I would recommend trying Control Unleashed by Leslie McDevitt. Her techniques help the dog build confidence.

Leslie McDevitt: Control Unleashed®: Home Page


----------



## JDandBigAm (Aug 25, 2008)

Have you tried tagging her bum and running from her? Will she jump up and touch your hand or spin/twist for you? Anything, to get her engaged with you when she shuts down should help get her back into you.


----------



## K9-Design (Jan 18, 2009)

Maybe you're just asking for too much too soon. If she will show initial interest in a toy, well then ask for one thing/behavior/command, praise like crazy with the toy, and put her up. Asking for repeated interest in the toy in one session may be too much for her, and if she's not excited about it, all you're doing is practicing her being bored/withdrawn/apathetic. Don't practice what you don't want. Was it a really really good toy? One that she really values? Does she love her dinner? What if you bring her bowl with her dinner in it to train? 

Obedience is not for every dog. If they are not food driven, not play driven, not toy driven, and not particularly enthusiastic for work....well -- obedience or performance may just not be for them. Have you tried agility? Just the simple act of physical activity (that is often absent from obedience) involved in agility may be motivating for her.


----------



## Sally's Mom (Sep 20, 2010)

She is built for agility.. It is a thought. I guess my belief correct or incorrect is that any golden can get a CD... She is so much fun when she is on!


----------



## Sally's Mom (Sep 20, 2010)

She could care less about food... Imagine that in a golden!!!Q,


----------



## K9-Design (Jan 18, 2009)

Sally's Mom said:


> She could care less about food... Imagine that in a golden!!!Q,


So she never eats?
I don't mean treats and special stuff at the training building -- I mean her regular dog food.


----------



## Sally's Mom (Sep 20, 2010)

She obviously eats, but she is one of my two fussy dogs that I have to make sure the others do not get into the food. My Mantha, George, and Mick were all born eating... Eat now,ask questions later...


----------



## Sally's Mom (Sep 20, 2010)

Special food does not matter... It all gets back to showing in conformation?


----------



## Sally's Mom (Sep 20, 2010)

She will walk away from her food.. Anyway, I think slowing it down is a good idea. The trainer I work with is big on using stays for self control. Making her stay in class today, made her want to work to be with me. Tethering her when she blows me off only makes her bark and get frantic, yet when I go back to her she ducks her head etc. Last weekend showing in UKC seems to have made it all worse. I also brought her cousin to class today,they were born at the same time in my house and very competitive with each other. Mick is very willing and more straightforward... She definitely wanted to work when he got attention. She is my work in progress. Mick will be a quicker study, less baggage.


----------



## Megora (Jun 7, 2010)

Janice, is she play driven? Does she "understand" what you are asking of her - like really drilling the routines at home, etc? 

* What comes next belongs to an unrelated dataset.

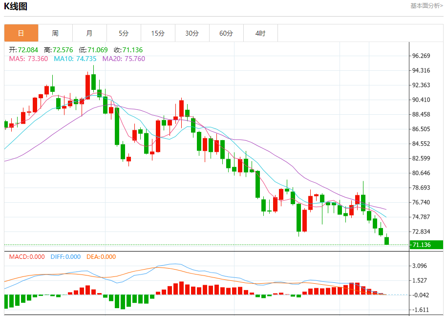 周三盘中,WTI原油报71.140,跌幅1.26%。 今日分析:在72.60之下,看跌,目标价位为71.00,然后为70.30。 技术点评:跌破72.60,为空头信号,向下的目标将会是71.00。 支撑位:71.0070.3070.00 阻力位:74.1073.3072.60 (亚汇网编辑:冰凡)

My Danny would not eat in public so treats were useless at class. He also wasn't that much into toys in public. 

Mainly with him at class, he knew what his "job" was (we would train every day at home so he knew exactly what I wanted him to do) and did it. And when he was done he would get to sit on the side with his brother or girlfriend (one of our friends at the time had a golden who had been to all the same classes as Danny through 5 or 6 years and they were like littermates together).


----------



## Sally's Mom (Sep 20, 2010)

She can heel beautifully and with enthusiasm OR she will just check out. Today, I had the "A" Emmie. Enthusiastic, willing, practiced our sit stay...only did about two minutes of heeling, sits, down, then the sit stay... I will take her slowly and work more with the others with more endurance.


----------